Please write out exactly, without any picture, each line from the first in the listing through the line that includes "Al livello comando, questa".

▶ **Given information**
• • • • •
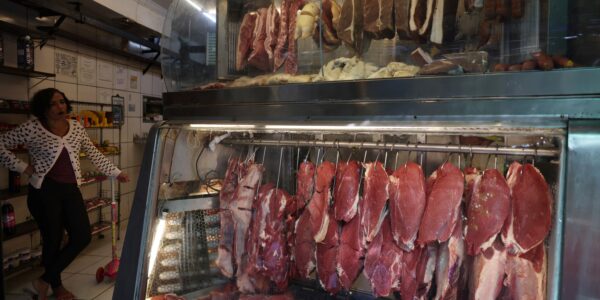 Uma pessoa espera para ser atendida dentro de um açougue no Rio de Janeiro, Brasil, em 10 de julho de 2025.
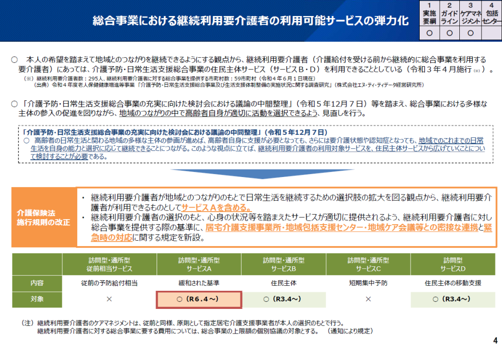 引用:総合事業における継続利用要介護者の利用可能サービスの弾力化|厚生労働省
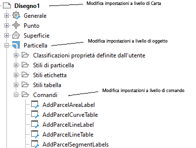 Al livello comando, questa finestra di dialogo contiene anche impostazioni specifiche dei comandi, come le impostazioni Particelle e Tracciati, che vengono utilizzate con il comando CreateSite.
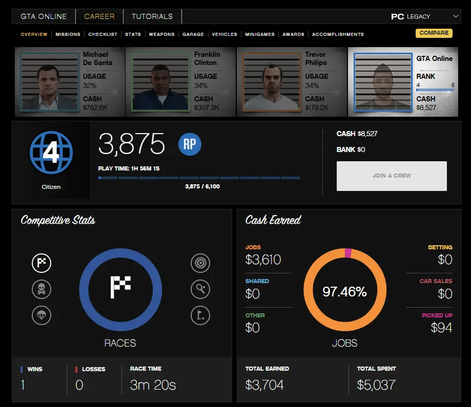 SOCIAL CLUB / ROCKSTAR / PC / LEGACY  |  $8,527 total money(bank&cash)  |  GTA5 ONLINE RP LVL(Level) 4  |  MALE  | STORY MODE avaliable | Changable Email | HANDCRAFTED
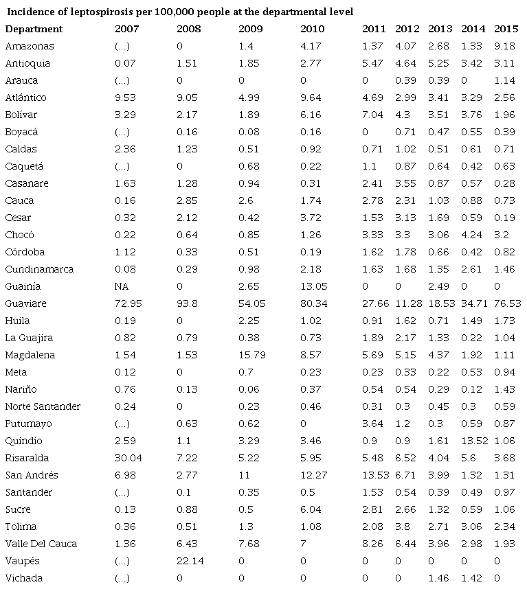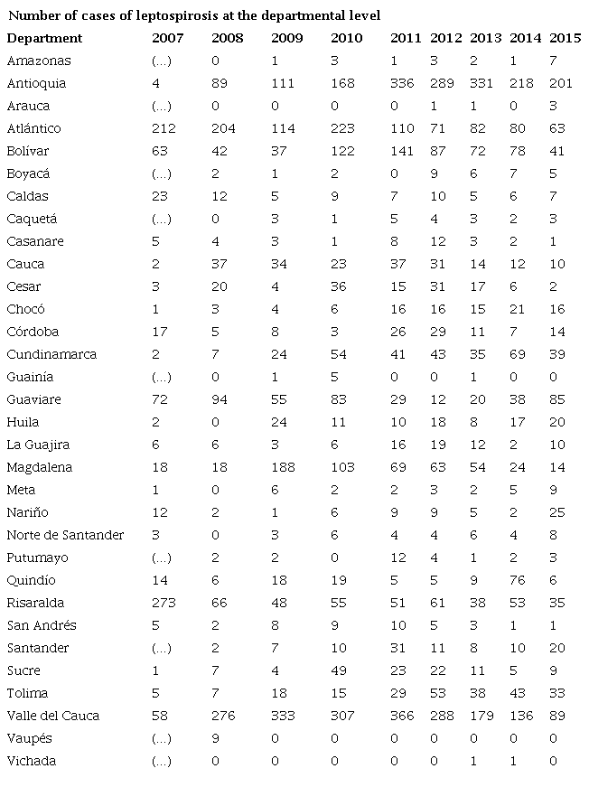 Objetivo: realizar uma análise epidemiológica da leptospirose humana na Colômbia em escalas nacionais, departamentais e municipais no período entre janeiro de 2007 e dezembro de 2015.
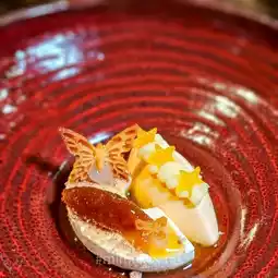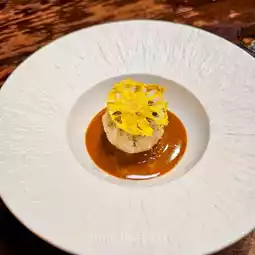 The bouncy, chewy shrimp mochi is served with sweet and sour Phulae pineapple, lime and acacia to add a refreshing scent and rich bisque.
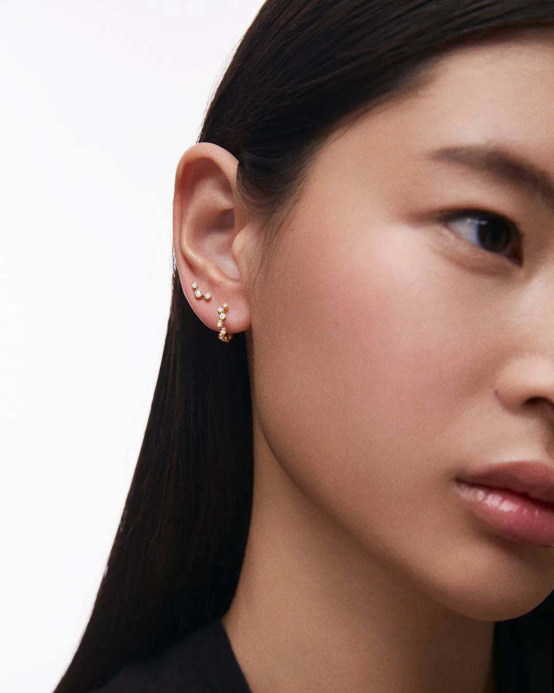 <!--td {border: 1px solid #cccccc;}br {mso-data-placement:same-cell;}-->Mumit’s Origine Croisée hoop earring pays tribute to bezel setting, one of the earliest techniques in fine jewelry craftsmanship. Their hoop design features an alternating pattern of bezel-set diamonds, creating a perfect balance between technical precision and creative expression. The rounded contours of this setting enhance the fluidity of the design while adding a distinctly modern touch. Like a thread of light, the purity of 18k gold and the brilliance of natural diamonds come together in a statement of sophistication that transcends passing trends. A timeless piece that honours the legacy of fine jewelry, reimagined through a refined and contemporary aesthetic.
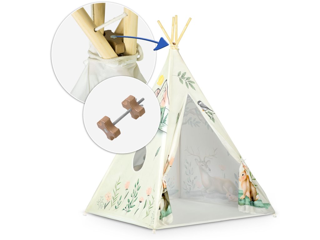 Každý TIPI je dodávaný s krásnym vankúšom so zajačikom a stabilizátorom , ktorý je viditeľný na fotografii!
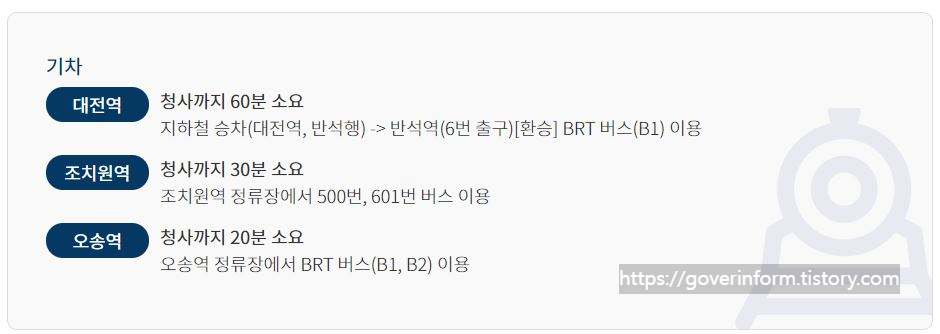 청사에 가는방법은 크게 1)기차, 2)버스, 3)자가입니다. 기차는 대전역, 조치원역, 오송역을 이용하면 됩니다. 오송역이 가장 가깝습니다.
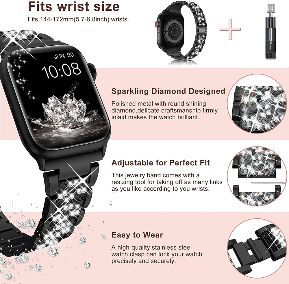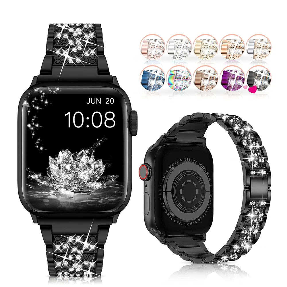 Ремешок для наручных часов Apple Watch со стразами Стразы браслет из нержавеющей стали ремешок 38 мм 40 мм 42 44 мм браслет наручных часов iWatch, SE, 6, 5, 4, 3, 2, 1 полос
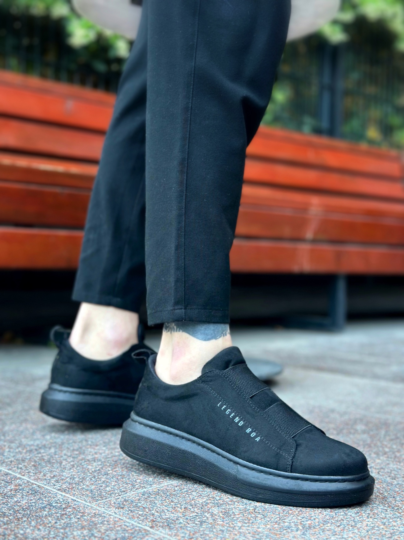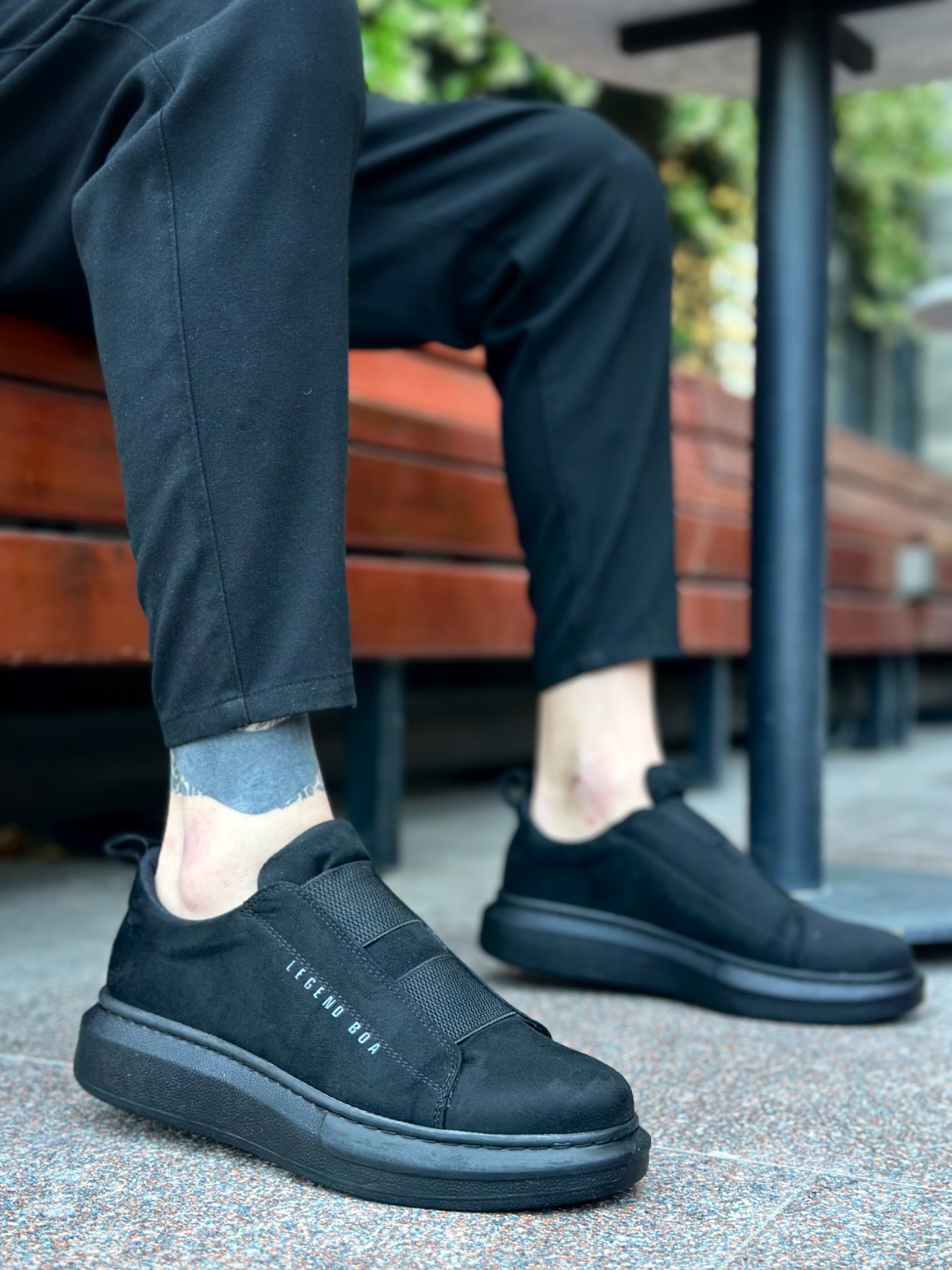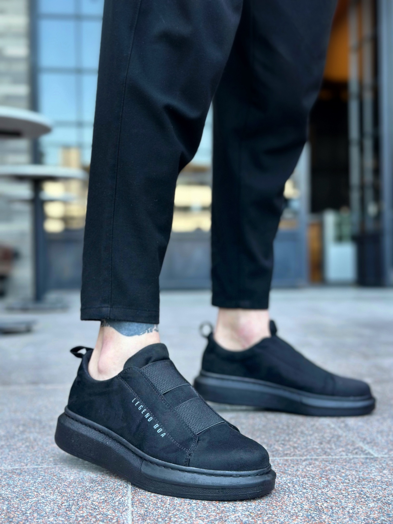 • BA0307 BOA Kalın Süet Yüksek Taban Çift Bant Siyah Erkek Ayakkabı
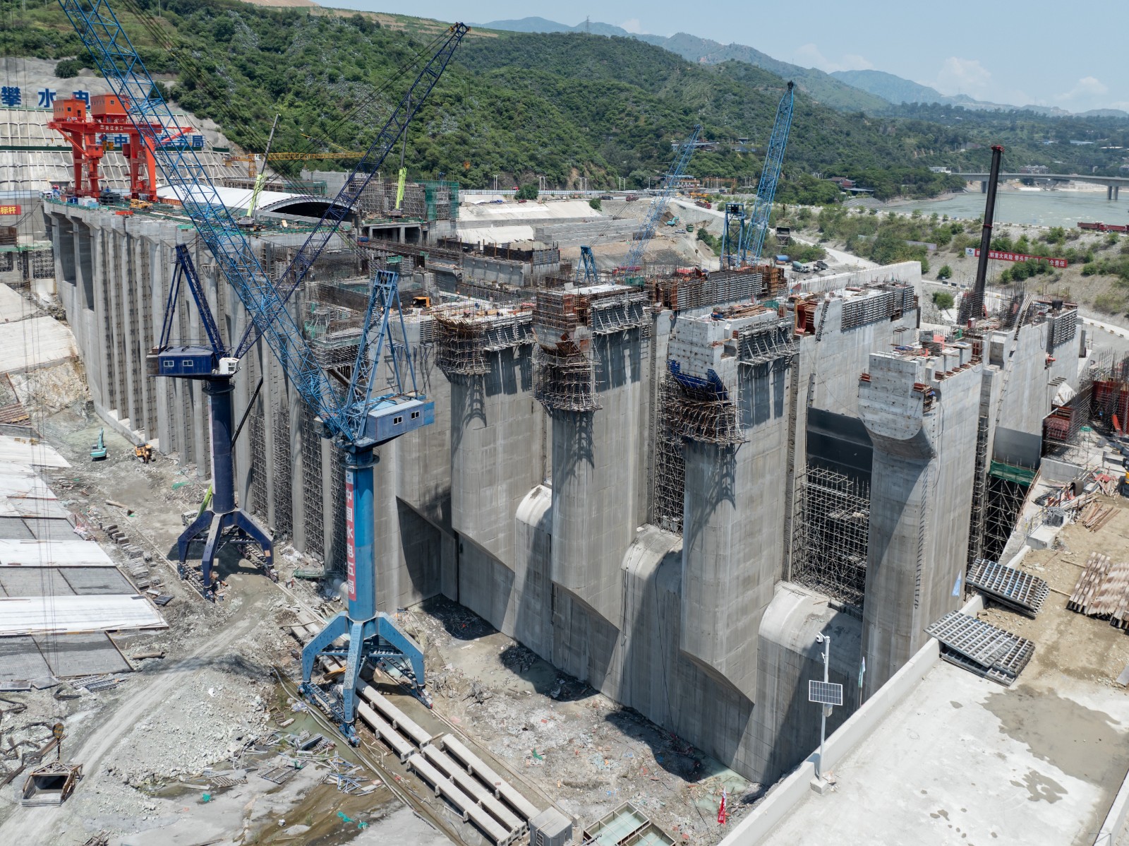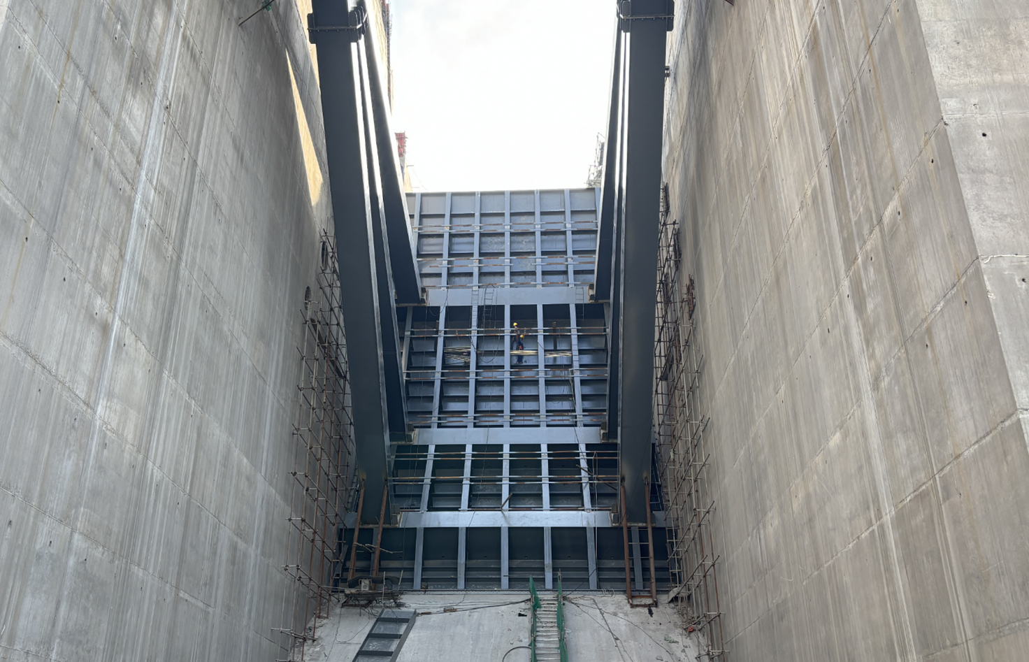 徐孝剛表示,金屬結(jié)構(gòu)安裝是實現(xiàn)工程下閘蓄水目標的核心任務,自7月下旬首節(jié)弧形工作門吊裝以來,在不到3個月的時間內(nèi),將要完成近萬噸的安裝工程量,工期緊、任務重、難度大,參建各方超前謀劃、提前部署,深入開展設(shè)計及施工優(yōu)化,多次專題研討安裝方案并組織專家論證,突破多項常規(guī)方法,采取鋼絞線提升裝置安裝尾水事故檢修門、臨時平臺配合汽車吊站位安裝弧形工作門、門槽安裝及其二期混凝土澆筑工序循環(huán)優(yōu)化等一系列超常規(guī)措施,大幅縮短了安裝工期,取得了階段性成果,希望各參建單位持續(xù)保持昂揚斗志、乘勢而上,協(xié)同并進、合力攻堅,為全面實現(xiàn)工程建設(shè)目標不懈奮斗。
• • • • •
▶ **The answer**
 Uma pessoa espera para ser atendida dentro de um açougue no Rio de Janeiro, Brasil, em 10 de julho de 2025.
 引用:総合事業における継続利用要介護者の利用可能サービスの弾力化|厚生労働省
 Al livello comando, questa finestra di dialogo contiene anche impostazioni specifiche dei comandi, come le impostazioni Particelle e Tracciati, che vengono utilizzate con il comando CreateSite.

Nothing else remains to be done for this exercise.